Pastor condenado a 43 años revela detalles macabros de abuso a su hijastra en finca rural
José Erley Ramírez Garcés, pastor de una iglesia protestante, fue condenado a 43 años y seis meses de prisión por abusar sexualmente de su hijastra y retenerla en una finca en zona rural entre Chinchiná (Caldas) y Santa Rosa de Cabal (Risaralda). El caso, ocurrido en abril de 2025, generó indignación nacional cuando se conoció que la menor logró escapar mientras el hombre cavaba un hueco donde, según la investigación, pretendía enterrarla.
Confesión desde prisión: "Todo el plan se desarrolló el lunes"
En una entrevista exclusiva desde prisión para el canal de YouTube Conducta Delictiva, Ramírez reconstruyó cómo gestó y ejecutó el plan criminal. Según su versión, la decisión de abusar de la menor no fue inmediata, sino que se fue "tejiendo" durante meses desde inicios de 2025.
"Mi única arma era la oración… fui perdiendo la capacidad de orar", afirmó el condenado, describiendo pensamientos recurrentes que no podía controlar.
El lunes 28 de abril, un día antes del crimen, mientras trabajaba en una fábrica de arepas, estructuró definitivamente lo que reconoce como un plan premeditado: "Todo el plan se desarrolló el lunes, en el transcurso del día".
El engaño y la ejecución del plan criminal
Para ejecutar su macabro plan, Ramírez engañó a la adolescente: "Esa noche le propuse a la niña llevarla, eso eran mentiras, llevarla a ver una casa. La información era esa, me inventé una casa que quería comprar, y con esa excusa convencí a la niña de no ir al colegio ese día martes".
Explicó cómo evitó que su esposa se diera cuenta: "La niña se iba caminando, por sus propios medios al colegio. Yo lo que hice fue acordar que me esperara en tal parte que yo la recogía". Durante el trayecto hacia la finca rural, según su relato, no hubo conversación relevante.
"Ella estaba asustada": el momento del abuso
Al llegar a la finca donde ocurrieron los hechos, Ramírez admitió que sometió a la menor: "Ella estaba asustada, yo tenía superioridad sobre ella, de fuerza.

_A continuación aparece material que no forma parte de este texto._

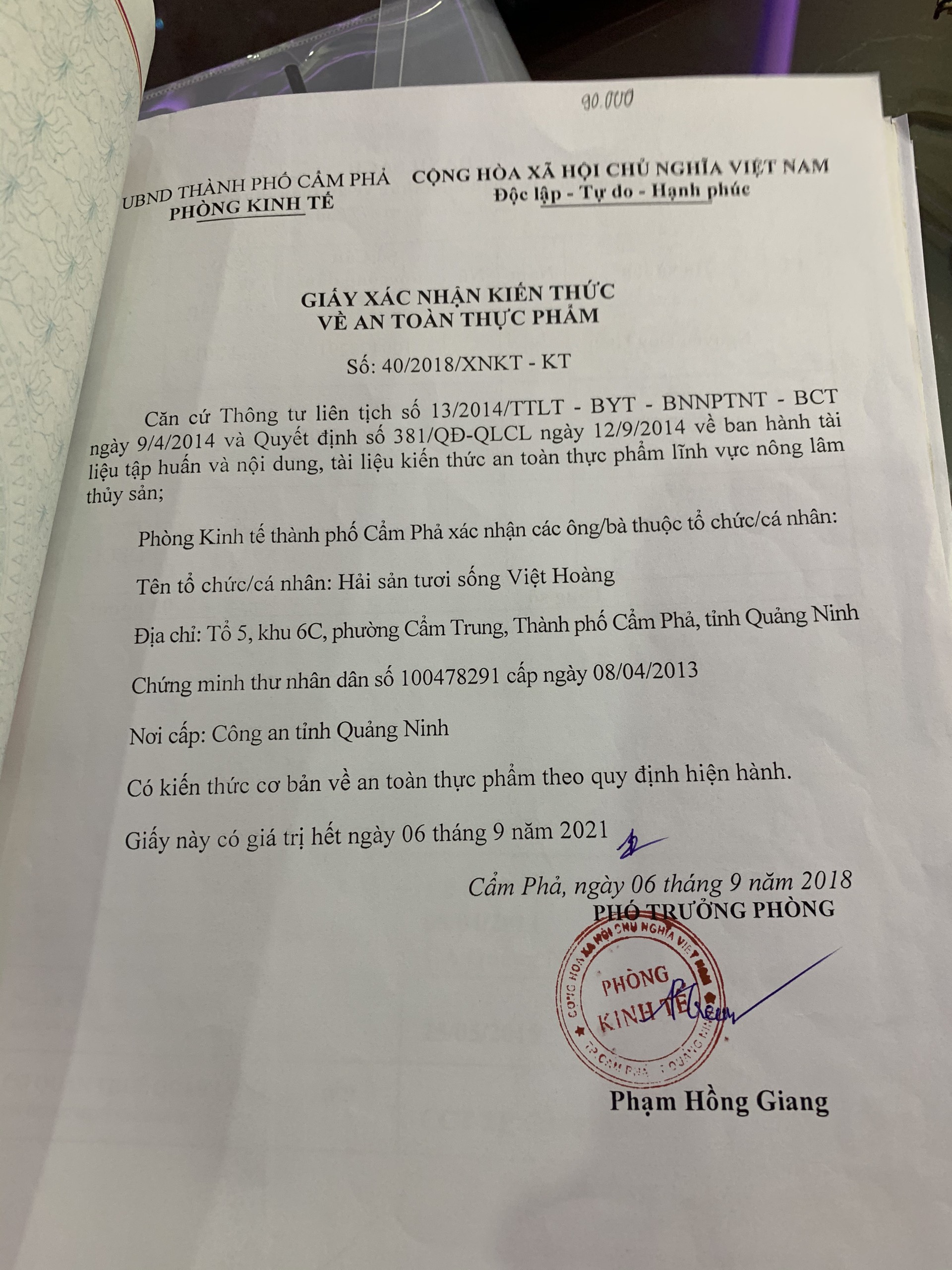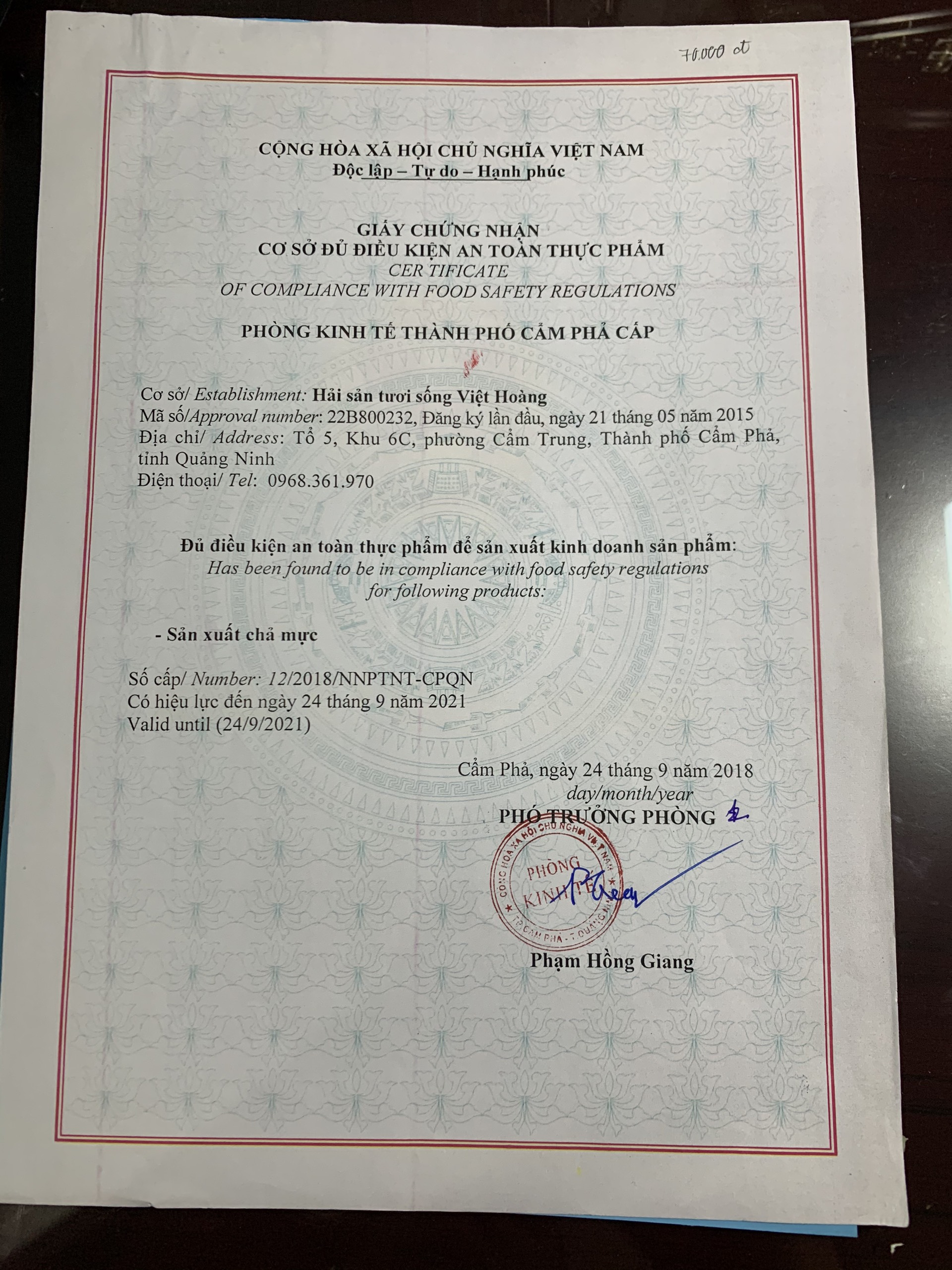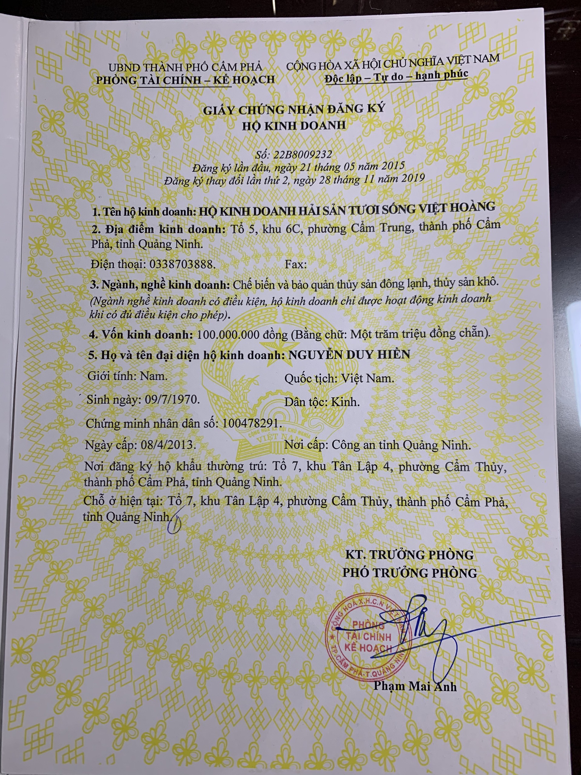 Hộ kinh doanh hải sản tươi sống Việt Hoàng

Lo único que le dije es que no se resistiera, que yo no le hacía daño si no se resistía".
La investigación estableció que la víctima fue retenida y abusada en ese lugar antes de lograr escapar, lo que desencadenó la reacción comunitaria y su posterior captura.
La huida dramática y la persecución comunitaria
Ramírez relató que en algún momento se alejó de la cabaña: "Me fui a despejar mi mente y lo que yo tenía en mi mente era que yo iba a desaparecerla". Al regresar, encontró que la menor había huido: "Cuando regresé a la cabaña escuché que abrió una ventana, cuando me di cuenta de que la niña saltó por la ventana y salió corriendo".
Esta huida coincide con lo documentado en el caso: la adolescente escapó y corrió por la zona rural hasta ser auxiliada por vecinos, imágenes que se difundieron ampliamente en el país. El hombre intentó alcanzarla sin éxito: "Salí corriendo detrás de ella, pero por la ventaja que me llevaba no alcancé a detenerla y más abajo fue que unos vecinos la auxiliaron".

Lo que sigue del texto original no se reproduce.